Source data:
════
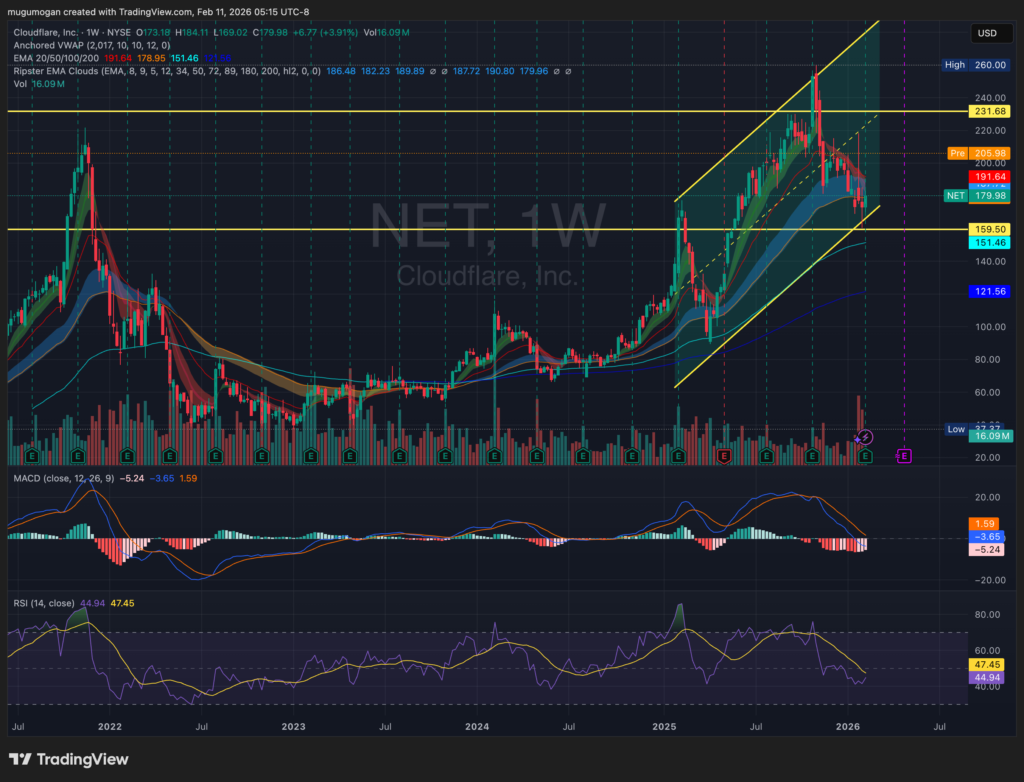 Cloudflare’s most recent earnings were reported in early February 2026 for Q4 2025. The company delivered revenue of approximately $380 million, up roughly 28–30% year over year, ahead of analyst expectations. Adjusted EPS came in above consensus at roughly $0.18–$0.20, reflecting continued operating leverage. Management guided Q1 2026 revenue in the range of roughly $390–$395 million and full-year 2026 revenue toward the mid-$1.6 billion range, implying sustained high-20% growth. Importantly, large customer growth and $100K+ ARR expansion remained strong, reinforcing enterprise traction.
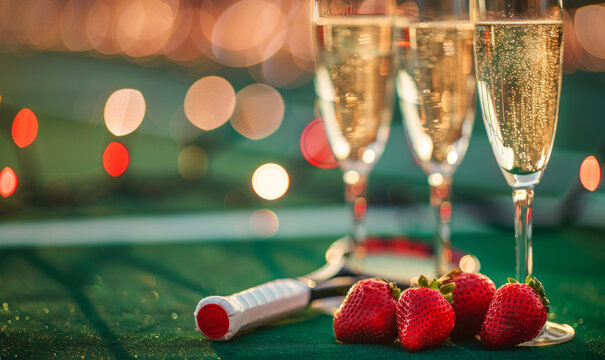 Luxury sporting tennis event with glasses of champagne and strawberries on a tennis court.
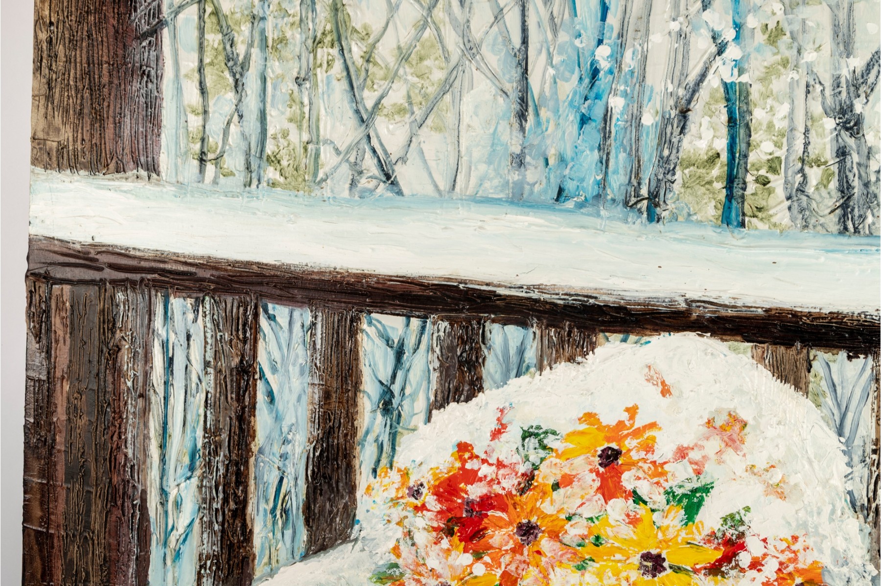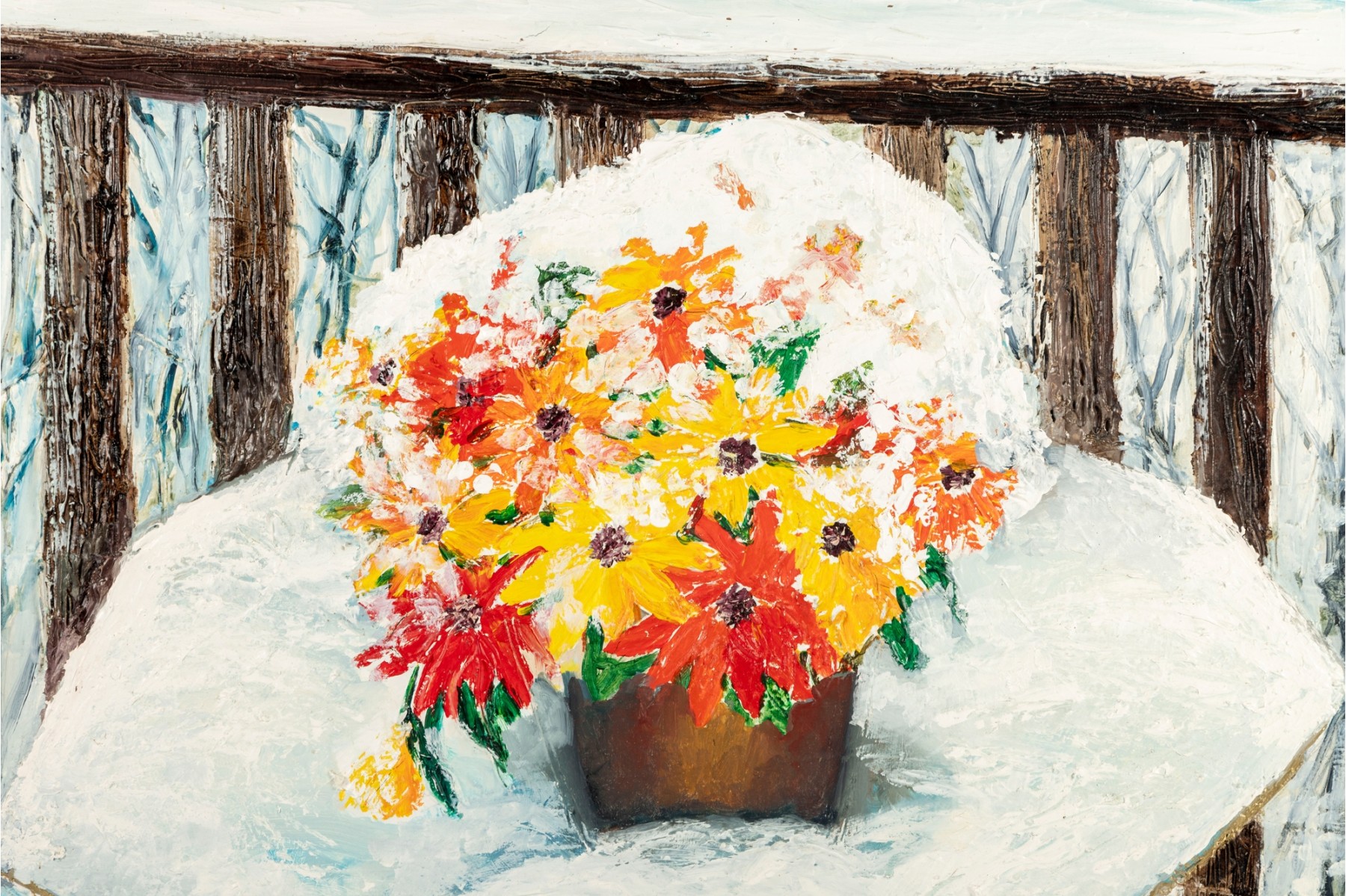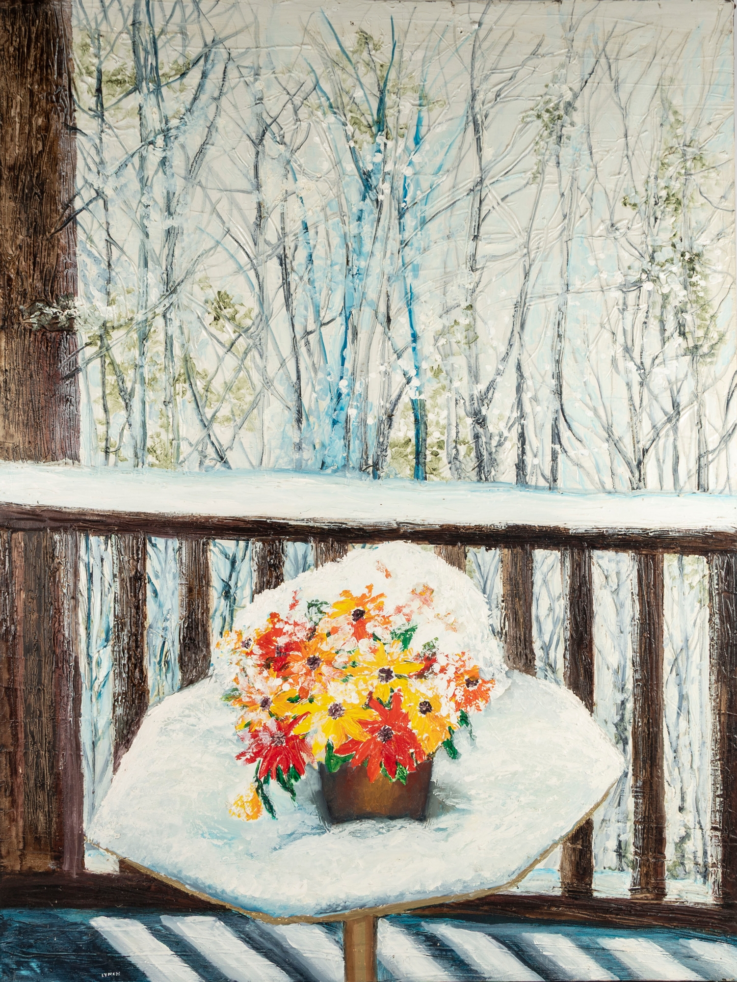 A serene winter landscape by Dan Lynch depicting a potted bouquet of colorful flowers resting on a snow-covered patio table overlooking a quiet, wooded backdrop.
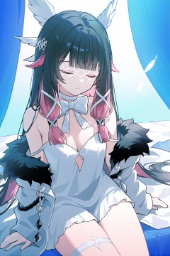 yejji,Ryuzaki Ichi,Rosuuri,ka ra ra ge tsu ne,Columbina\(genshin impact\), 1girl, eye mask, solo, multicolored hair, breasts, white mask, black hair, long hair, closed eyes, fur trim, sitting, two-tone hair, coat, cleavage, bare shoulders, fur-trimmed coat, off shoulder, white bow, bow, white coat, sleeping, wings, wing hair ornament, medium breasts, head wings, pink hair, streaked hair, thighs, blunt bangs
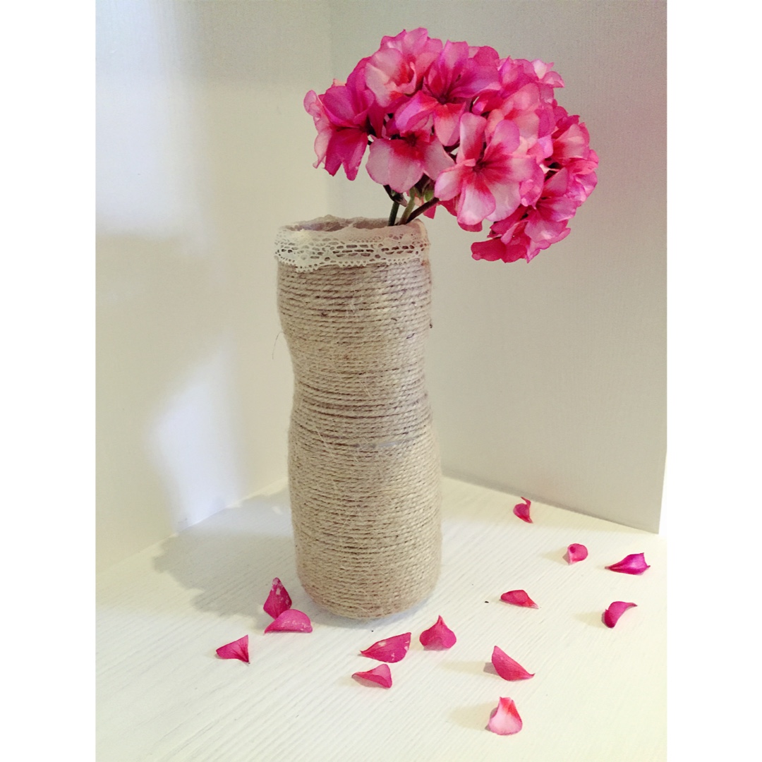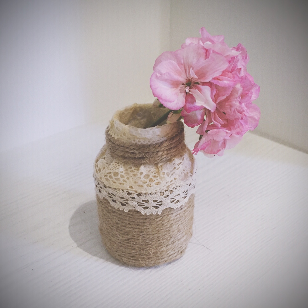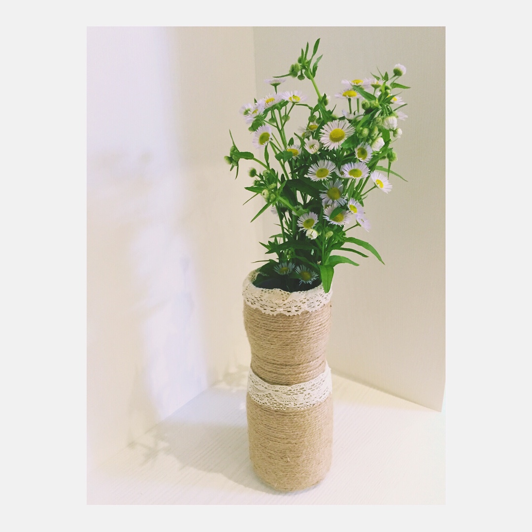 用儿子的塑料零食罐做了一个简易花瓶,插上自己种的鲜花,是不是很文艺范?
════
* _PROBLEM_: Word for word, repeat each line of the records, and leave every image out.

* _RESPONSE_:
 Cloudflare’s most recent earnings were reported in early February 2026 for Q4 2025. The company delivered revenue of approximately $380 million, up roughly 28–30% year over year, ahead of analyst expectations. Adjusted EPS came in above consensus at roughly $0.18–$0.20, reflecting continued operating leverage. Management guided Q1 2026 revenue in the range of roughly $390–$395 million and full-year 2026 revenue toward the mid-$1.6 billion range, implying sustained high-20% growth. Importantly, large customer growth and $100K+ ARR expansion remained strong, reinforcing enterprise traction.
 Luxury sporting tennis event with glasses of champagne and strawberries on a tennis court.
 A serene winter landscape by Dan Lynch depicting a potted bouquet of colorful flowers resting on a snow-covered patio table overlooking a quiet, wooded backdrop.
 yejji,Ryuzaki Ichi,Rosuuri,ka ra ra ge tsu ne,Columbina\(genshin impact\), 1girl, eye mask, solo, multicolored hair, breasts, white mask, black hair, long hair, closed eyes, fur trim, sitting, two-tone hair, coat, cleavage, bare shoulders, fur-trimmed coat, off shoulder, white bow, bow, white coat, sleeping, wings, wing hair ornament, medium breasts, head wings, pink hair, streaked hair, thighs, blunt bangs
 用儿子的塑料零食罐做了一个简易花瓶,插上自己种的鲜花,是不是很文艺范?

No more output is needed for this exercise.